Gibney gets a number of Spitzer's cronies and foes as well as journalist and producer Peter Elkind, whose book "Rough Justice: The Rise and Fall of Eliot Spitzer" this film is based on, to also sit down to relay their stories.

One of the most lively interview subjects is Cecil Suwal - the co-owner of the Emperor's Club VIP escort service. Her giggly demeanor helps lighten the mood of this somberly told tale saying such things as: "Okay, the governor of New York is using our service, how bad can what we're doing be? Right?"
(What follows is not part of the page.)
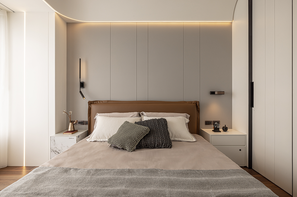 簡約床架:選擇線條簡單的床架,可以是木質或金屬材質,突顯整體的簡約感。

There's also the interesting case of the prostitute, called "Angela" here, who Spitzer employed many times who refused to go on camera or have her voice used so an actress (Wrenn Schmidt) performs the words of the woman's interview with Gibney.

The film is overlong and the tabloid nature of Spitzer's scandal has been well covered so there's not really anything amounting to a surprising revelation here, but "Client 9" is a solid and extremely thorough documentary in the ranks of Charles Ferguson's also intensely researched INSIDE JOB (which Spitzer was also involved in).

Special features: An audio commentary with writer/director Alex Gibney, extended interviews, deleted scenes, HDNet: A Look At CLIENT 9, and the theatrical trailer.

More later...

Tuesday, January 18, 2011

Blu Ray/DVD Review: DOWN TERRACE

DOWN TERRACE (Dir. Ben Wheatley, 2009)

"You're only as good as the people you know." - Bill (Robert Hill)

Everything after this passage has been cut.